Key Takeaways
- Solana maintains position at $85.95, supported by the 20-day EMA at $85.31, while facing overhead pressure from the 50-day EMA positioned at $87.08.
- The daily timeframe reveals a breakout above a multi-month descending trendline, with price currently retesting the breakout zone.
- Weekly timeframe analysis identifies $120–$125 as the primary upside target should buyers overcome the current downtrend resistance.
- Real-world asset tokenization on Solana expanded from $170 million to $2 billion over twelve months, supported by 80–100 million active wallets and $17 billion in stablecoin liquidity.
- Solana spot ETF cumulative inflows surpassed the $1 billion threshold, while net assets total $887.92 million.
Solana currently trades at $85.95 as of April 23, reflecting a 1.10% decline over the past 24 hours. Price action has maintained stability above the 20-day EMA located at $85.31, which has provided consistent support throughout the previous week.

The 50-day EMA positioned at $87.08 continues to serve as the primary resistance barrier. Since March, all daily closing prices have encountered rejection at this threshold or below it. The upper Bollinger Band extends to $89.43, while the 100-day EMA tracks further above at $96.63.
Should support fail, a daily close beneath the 20-day EMA would activate the middle Bollinger Band at $84.63 as the subsequent support target. Further downside would engage the lower Bollinger Band at $79.84, with the February low anchored near $67 representing a deeper support foundation.
The daily timeframe displays a breakout above a descending trendline that constrained price action throughout late 2025 and into early 2026. Technical analysis shared by CryptoCurb on X illustrates the breakout materializing after multiple rejection attempts, including episodes during the Binance flash crash and Iran conflict escalation.
Price currently hovers near the breakout region, maintaining position above the previously restrictive trendline. This represents a structural evolution in market behavior. The technical pattern gains credibility when buyers defend this zone and transform the broken trendline into reliable support.

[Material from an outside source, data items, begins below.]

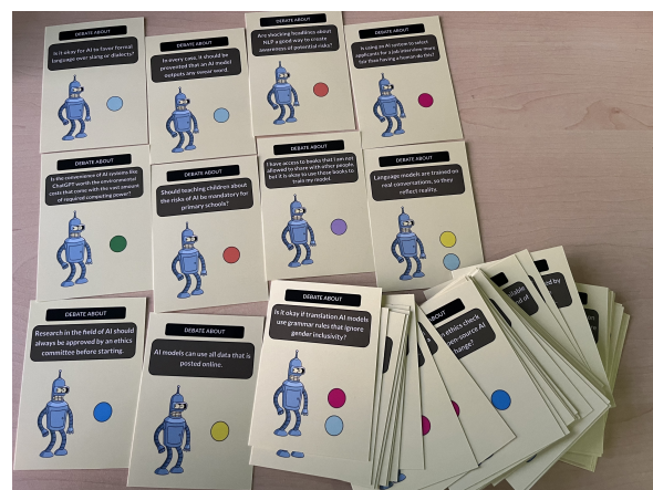
Figure 7: Some example cards from the Debatable game (Groningen, 2024/2025 edition). The coloured dots signal a specific theme.

A student in MA Language Technologies and Digital Humanities (Turin)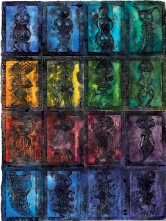
TWELVE PROTECTORS: RAINBOW Watercolor painting and Mokuhanga monoprint on paper 23.75 x 17.75" AD172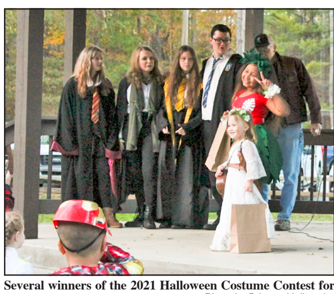
kids at Meeks Park Oct. 31.

The heavy carpet of dead leaves and the smell of loam lent themselves well to the setting as costumed youths ducked in and out of the trees, passersby with their outdoor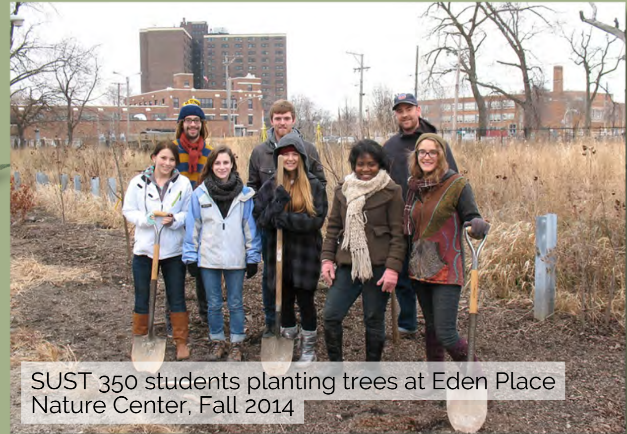
SUST 350 students planting trees at Eden Place Nature Center, Fall 2014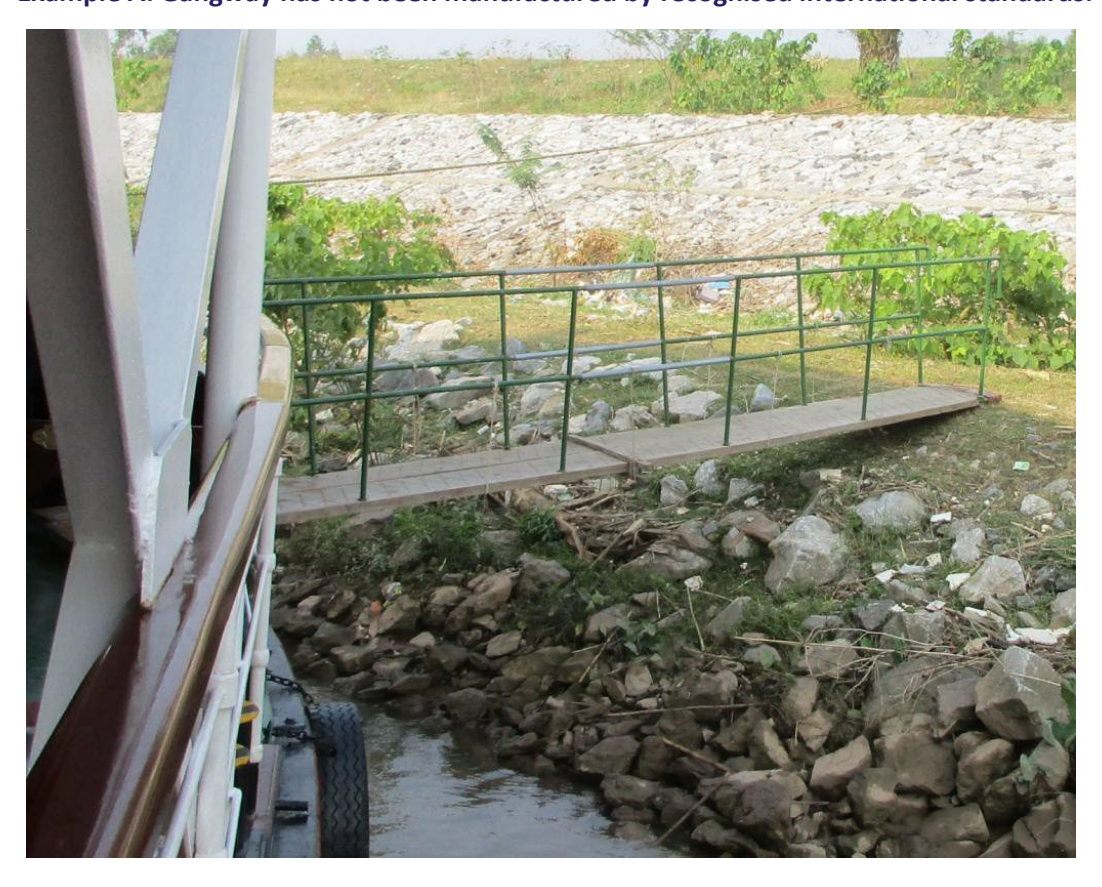
Example A: Gangway has not been manufactured by recognised international standards.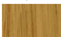
38. Blond Oak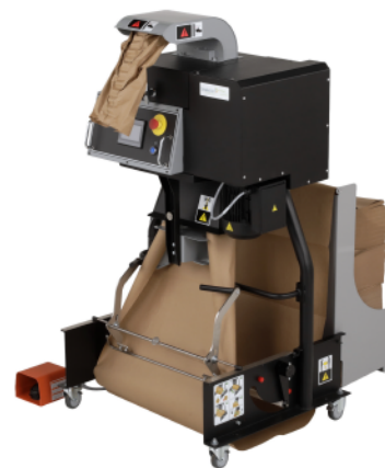
Shown: ProPad paper cushioning system with fanfold paper

The SEALED AIR® brand paper cushioning system increases fulfillment velocity with custom-length paper produced at up to 150 pads per minute, making it the fastest paper cushioning system on the market. It dispenses in manual, auto-repeat, and sequence modes to help meet your productivity goals, and is ideal for use in cushioning, wrapping, and blocking and bracing applications.

Institutional Capital Accelerates
Nick Ducoff, a Solana ecosystem executive, highlighted that real-world asset tokenization on the network expanded from $170 million to $2 billion across just twelve months—representing approximately a 12-fold increase. Institutional participants cite three primary drivers: consistent network performance, access to 80–100 million active wallets for distribution channels, and $17 billion in stablecoins already deployed on-chain.

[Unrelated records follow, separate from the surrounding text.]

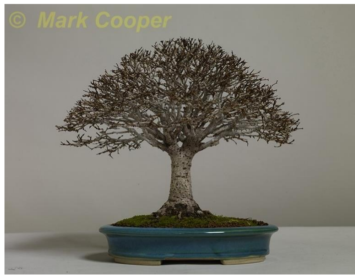
Zelkova in leaf and without so you can see the broom branching structure.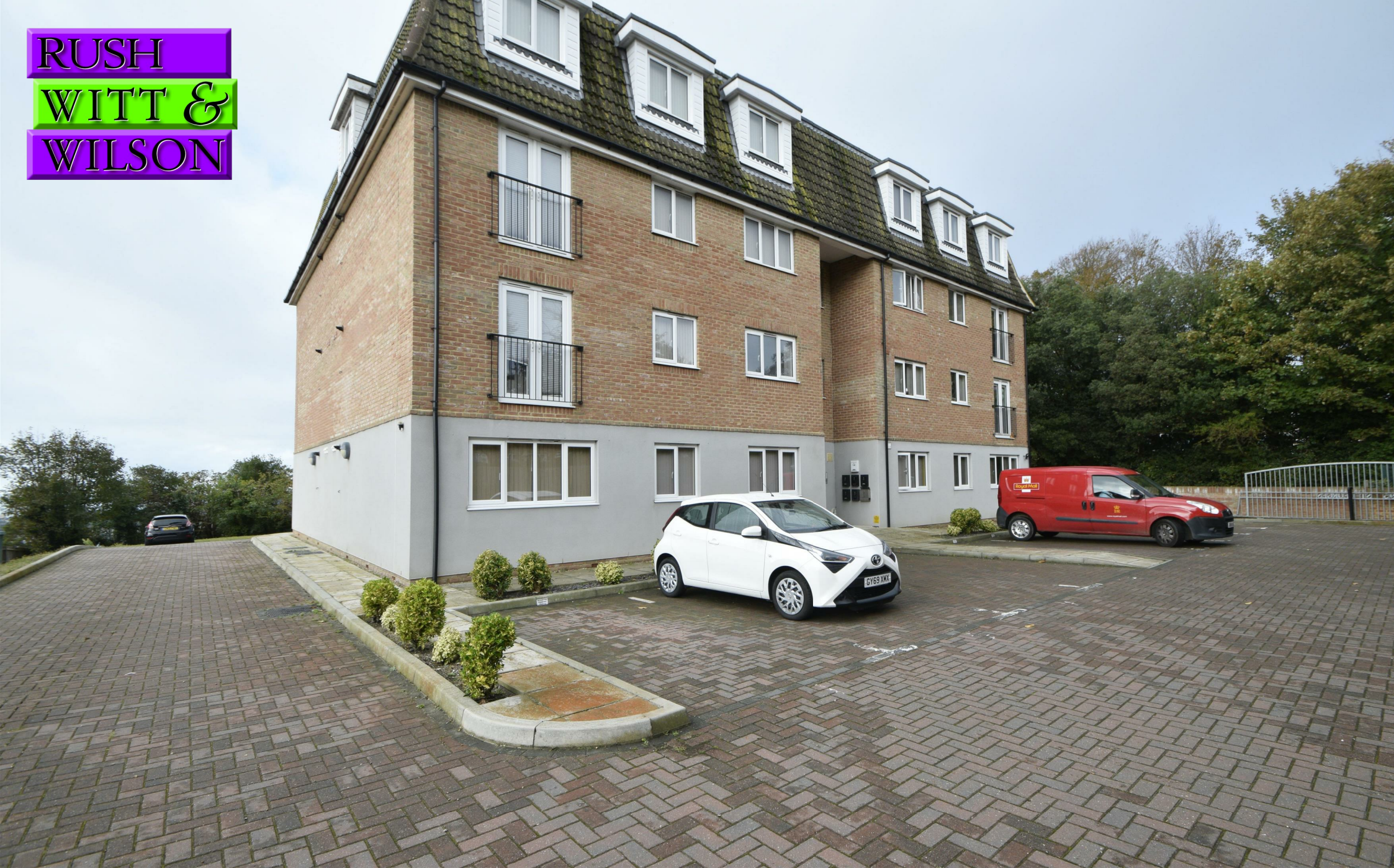
St Georges Lodge 195 The Ridge, Hastings, Sussex TN34 2AE £950 Per Month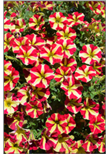
Amore Queen of Hearts Petunia flowers

This plant will require occasional maintenance and upkeep. Trim off the flower heads after they fade and die to encourage more blooms late into the season. It is a good choice for attracting butterflies and hummingbirds to your yard, but is not particularly attractive to deer who tend to leave it alone in favor of tastier treats. It has no significant negative characteristics.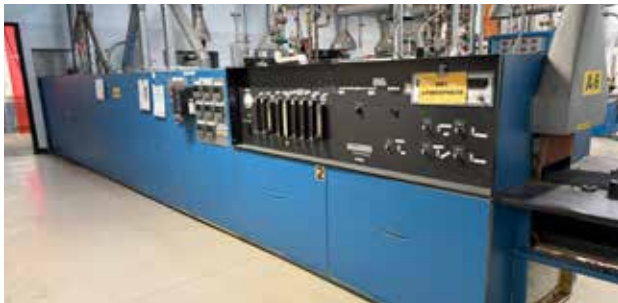
PLATE & FRAME FILTER PRESSES

PARKSON PRESS, MODEL AFP-630-100, 24.8" X 24.8" PLATES, CAKE CAPACITY: 6 CU FT, SURFACE AREA: 64 SQ FT, S/N 80083902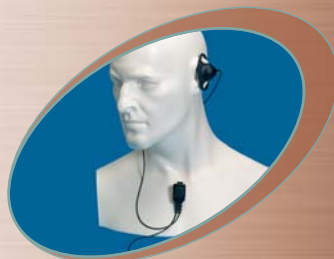
■ EA12/550 ▲ EA12/950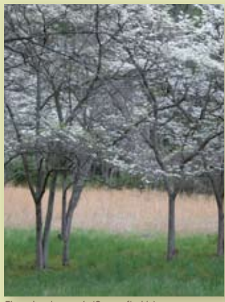
Flowering dogwoods ( Cornus florida )

Some of the busiest, most congested and stress-inducing traffic is found on roads crossing southeastern Pennsylvania—the Pennsylvania Turnpike, U.S. 1, and Interstate 95. Unbeknownst to the vast majority of the drivers barreling down these highways, they are crossing some of the quietest, greenest, and most restful landscapes in the urbanized East—the Pennypack Greenway.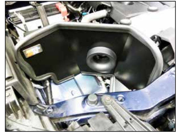
14. Install the passenger side heat shield assembly and secure with the provided hardware.

Solana spot ETF cumulative inflows have surpassed $1 billion for the first time. Total net assets currently measure $887.92 million, equivalent to 1.77% of Solana’s market capitalization. Weekly ETF inflows registered $35.17 million last week. While April 22 showed zero daily inflow activity, the three preceding trading days accumulated $31.32 million in combined inflows.
Weekly Timeframe Targets $120–$125 Region
Analysis from Rendoshi AI on X examining the weekly chart shows Solana testing a descending trendline after defending support near the $75–$80 range. The RSI indicator has rebounded from proximity to oversold territory, suggesting momentum improvement, though this alone lacks confirmation power for a definitive breakout.

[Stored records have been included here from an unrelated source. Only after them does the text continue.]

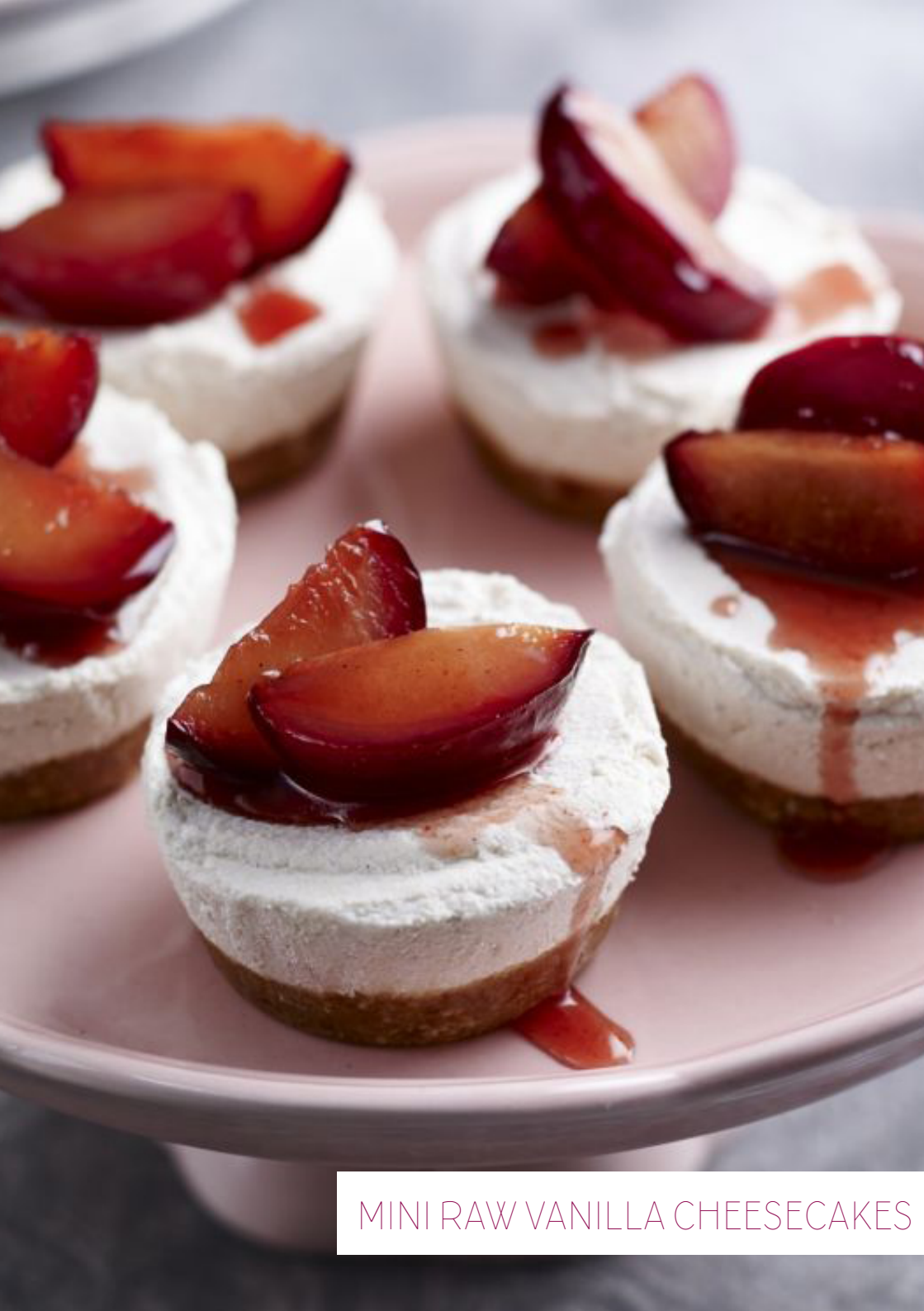
MINI RAW VANILLA CHEESECAKES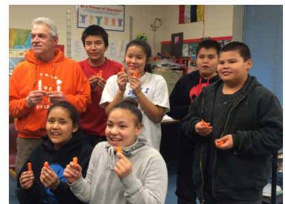
Above: Tebughna School students compare local and out of state carrots in a taste test.

2015 brings necessary garden expansions and improvements including using the field behind the high tunnels and implementing a drip irrigation system.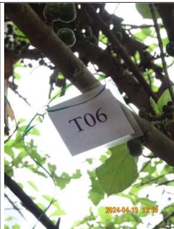
T006 – Tree tag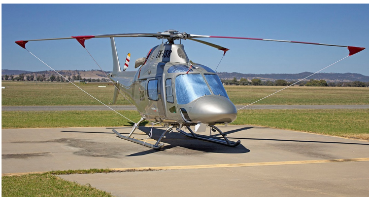
Agusta 119 Cockpit/Cabin HeatShields

Cabin Heatshields are interior sunshades for the aircraft's passenger cabin area. The product is a unique composite of closed-cell foam with a silver mylar finish. The semi-rigid design is stiff enough to stand inside the window framing. The set folds up flat and is easily stored in the included storage sleeve. Some designs may require velcro and suction cups. A Heatshield is an excellent short-term remedy for cockpit overheating, but an external fabric cover is more effective for long-term protection.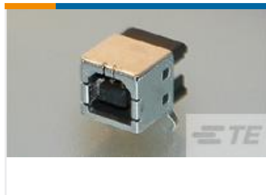
TE Part #292304-2 STD USB TYPE B, R/A, T/H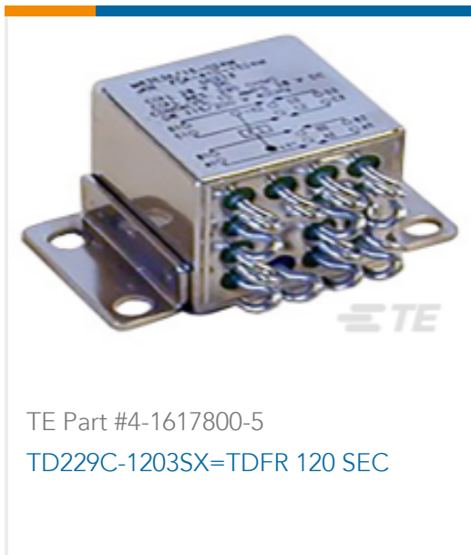
TE Part #4-1617800-5 TD229C-1203SX=TDFR 120 SEC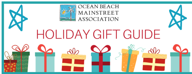
Peninsula Beacon holiday gift card is a special insert distributed to 20K residents & on online in each December.

Ocean Beach cooperative advertising opportunities can create a presence for your business at a significantly lower price point than advertising on your own. The OBMA purchases advertising throughout the year to promote Shopping, Dining, Playing, Staying & Living in Ocean Beach and ad opportunities in various printed and online publications are available to OBMA members.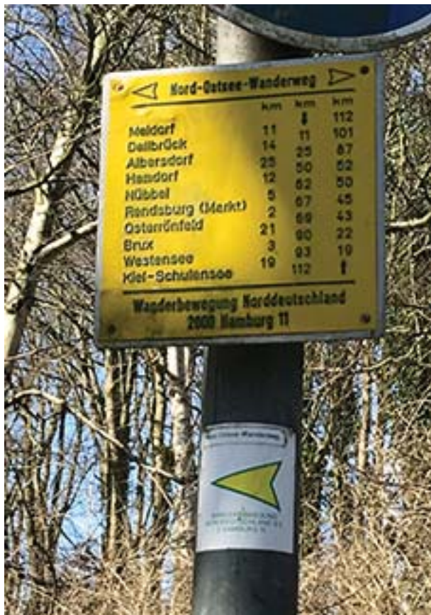
Nord-Ostsee Wanderweg: the first waymark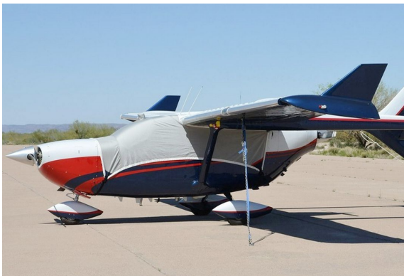
Canopy Cover with Forward Extension

This cover type is made from Silver Acrylic Sunbrella canvas and is 100% lined with a soft and smooth microfiber. Bruce's Custom Covers developed this material combination especially for aircraft protection. The outer material is medium weight and treated for water resistance, UV resistance and anti-static buildup. The inner lining is a very soft and smooth microfiber to prevent scratching. The material is very reflective, and tests show that the cabin interior temperature can be reduced to near-ambient temperature on the hottest of days. It is water, ice and snow repellent, yet breathable to allow moisture to escape from between the cover and the aircraft surface.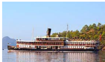
HALAS Length: 52.00 m Guest/Crew: 24/16 Area: Turkey Rate: From EUR 140 000/week

A sustained break and hold above the weekly downtrend line would activate the $120–$125 zone as the subsequent major resistance target. Failure to maintain elevation would confine SOL to range-bound behavior above the $75–$80 support foundation without establishing a clear recovery trajectory.
The 2-hour timeframe shows Solana progressing within an ascending channel structure that originated from the April 2 low near $78. The RSI indicator generated a fresh bullish signal at the recent low near $83—mirroring the same pattern that preceded earlier bounce sequences. The MACD indicator remains negative at -0.25, indicating momentum has yet to validate the signal.
The ascending channel’s lower boundary on the 2-hour chart at $83–$84 coincides with the daily 20-day EMA, establishing this zone as the critical support area requiring attention heading into April 24.